Starting at the top of the entries below, write out each line up to and including the one containing "На страницах сайта". Leave the pictures out.

- - - - - - -

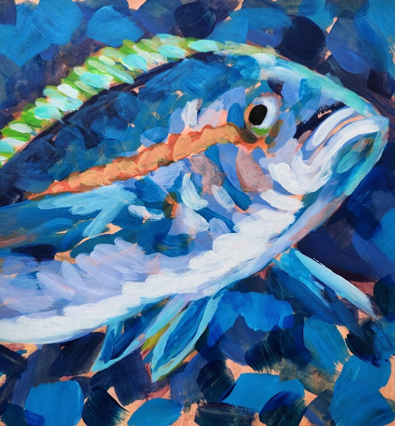 Fish Acrylic Original Painting 9x12 Handmade Paper Ebay
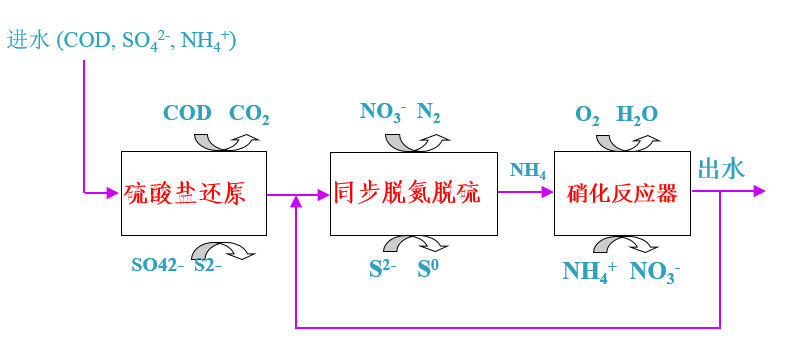 同步除碳脫氮脫硫體系:由硫酸鹽還原、碳氮硫同步脫除和硝化三個(gè)階段組成(圖2-6)。
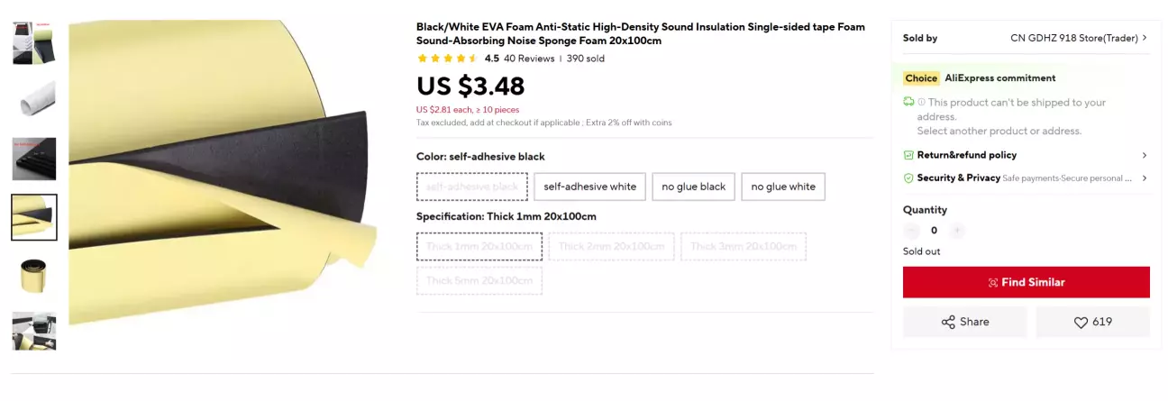 Для цього був замовлений ось такий спінений матеріал з Аліекспресу, нічого більш підходящого я не знайшов.
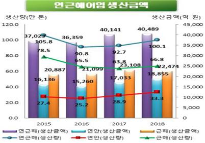 ㅇ 2018년 연근해어업 생산량(추정)은 100.1만 톤으로 2017년(92.7만 톤) 대비 7.9% 증가
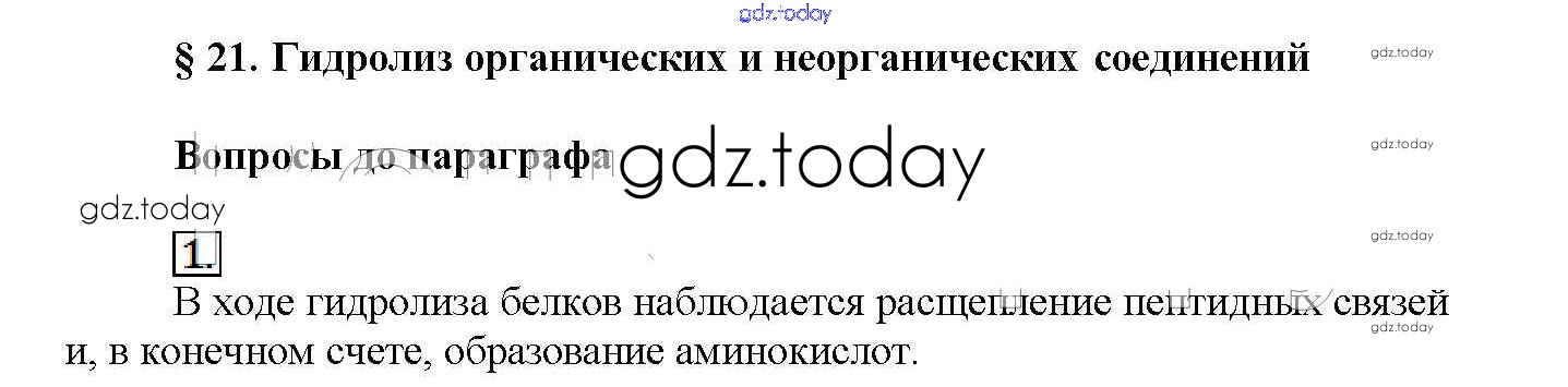 На страницах сайта gdz.today вы найдете учебный и вспомогательный материал, направленный на улучшения знаний школьной программы. ГДЗ - онлайн мир знаний Вопросы до параграфа Решение к § 21. Гидролиз органических и неорганических соединений 1 Учебнику по Химии для 11 класса Рудзитис, Фельдман Базовый уровень Просвещение 2017
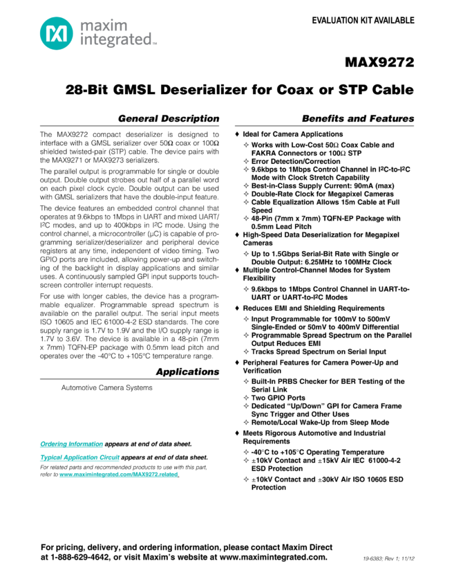 MAX9272 28-Bit GMSL Deserializer for Coax or STP Cable
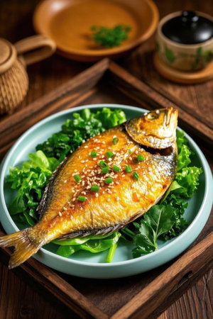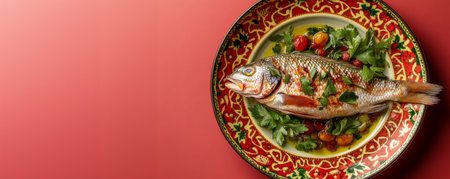 Whole roasted fish garnished with fresh parsley and cherry tomatoes, served on a red and gold plate. Chinese New Year wide banner with copy space. Ai generated

- - - - - - -

• Output of the exercise
 Fish Acrylic Original Painting 9x12 Handmade Paper Ebay
 同步除碳脫氮脫硫體系:由硫酸鹽還原、碳氮硫同步脫除和硝化三個(gè)階段組成(圖2-6)。
 Для цього був замовлений ось такий спінений матеріал з Аліекспресу, нічого більш підходящого я не знайшов.
 ㅇ 2018년 연근해어업 생산량(추정)은 100.1만 톤으로 2017년(92.7만 톤) 대비 7.9% 증가
 На страницах сайта gdz.today вы найдете учебный и вспомогательный материал, направленный на улучшения знаний школьной программы. ГДЗ - онлайн мир знаний Вопросы до параграфа Решение к § 21. Гидролиз органических и неорганических соединений 1 Учебнику по Химии для 11 класса Рудзитис, Фельдман Базовый уровень Просвещение 2017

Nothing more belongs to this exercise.